At its inception, systems engineering faced a largely complicated world. This meant that even systems with large numbers of elements might be loosely connected at the system level. Elements and subsystems could be separately and serially engineered and then assembled into larger systems without a lot of interaction between their designers and the architects of the overall system. The looseness of the system couplings allowed systems engineers to get away with organizing their work in siloes, both among the systems engineering domains themselves and among the various disciplinary engineering sectors. Even the use of separate models reflected the discontinuity and disconnection of the design discipline. That was the world of MBSE 1.0.
That world has evolved and continues to do so at a rapid pace. The complicated has now become complex. Linear cause and effect has given way to loops and adaptation. Systems engineering itself must evolve to keep pace with the context. We have lost the luxury of indulging in loose coupling in the design elements and the disciplinary engineering gaps alike. No longer can the engineering of detailed designs take place in a disconnected and serial manner. Engineering must become connected and concurrent. Models must enable and embody that sense of connection. That evolution is MBSE 2.0.
One of the evolutionary struggles for systems engineering in general and model-based systems engineering in particular is figuring how to incorporate the disparate inputs into the system design while at the same time maintaining an integrated system-level view of the design. It is absolutely necessary to see all the facets and perspectives of the system design in order to understand how it will behave and how its behavior will (or will not) satisfy the needs that drive its creation.
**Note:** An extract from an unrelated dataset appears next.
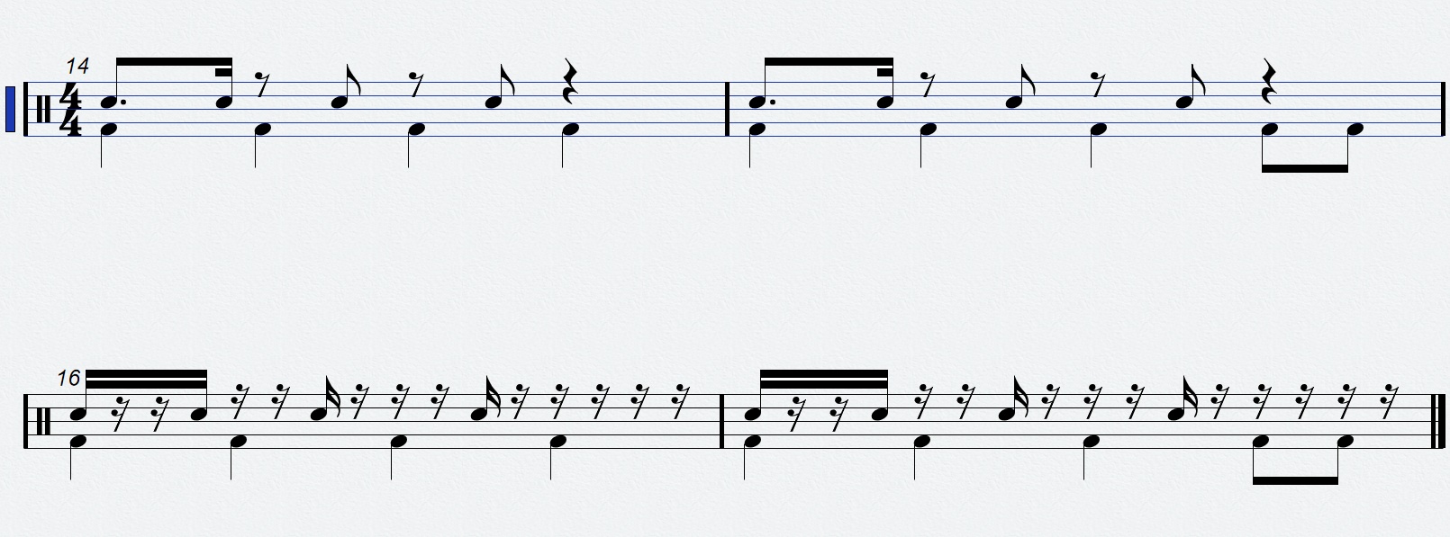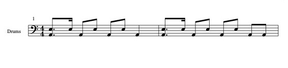 sachma wie notiert man denn den Rhythmus hier lesbar für Schlagzeug? Midi ist als zip angehängt. Ich hab das Gefühl Drum-Noten sehen sonst aufgeräumter aus. Ich hab für die Snare auch unterschiedliche Notenlängen probiert, ist das Usus oder nicht? Also oben wie unten finde ich nicht perfekt. Evtl. ist das Problem dass eine Hihat fehlt und somit kein Raster da ist?

At the same time, the system-level view must account for and incorporate all of the relevant streams contributing to the design in order to provide an accurate, high-fidelity picture of the system’s functioning in its intended context.
In introducing MBSE 2.0, this presentation will address the importance of a proven systems metamodel in assuring the completeness and efficacy of the design model. The systems metamodel makes possible the holistic view of the design that is critical to producing an effective solution. It provides the map to take the design from what is known to what is not. In order to do that it must be robust and have a track record of proven success at providing the framework for describing the design in its “as is” and “to be” states.
The challenge of connecting the variety of analytic and architectural models so that their critical insights can inform the design will also be a subject of discussion in this session. Concurrency in the engineering processes is critical both for the speed of delivery and for the “when needed” availability of engineering insights across the enterprise. Establishing the connective tissue that will allow connected and concurrent engineering is critical to the construction of a responsive and effective engineering enterprise. The session will explore the needs and mechanisms for making that happen.
MBSE 2.0 is a response to the challenge of complex, transdisciplinary problems. It will enable the systems engineer to evolve the engineering enterprise to position it for design success in a rapidly changing environment. This presentation will show the way along a path forward in that evolution.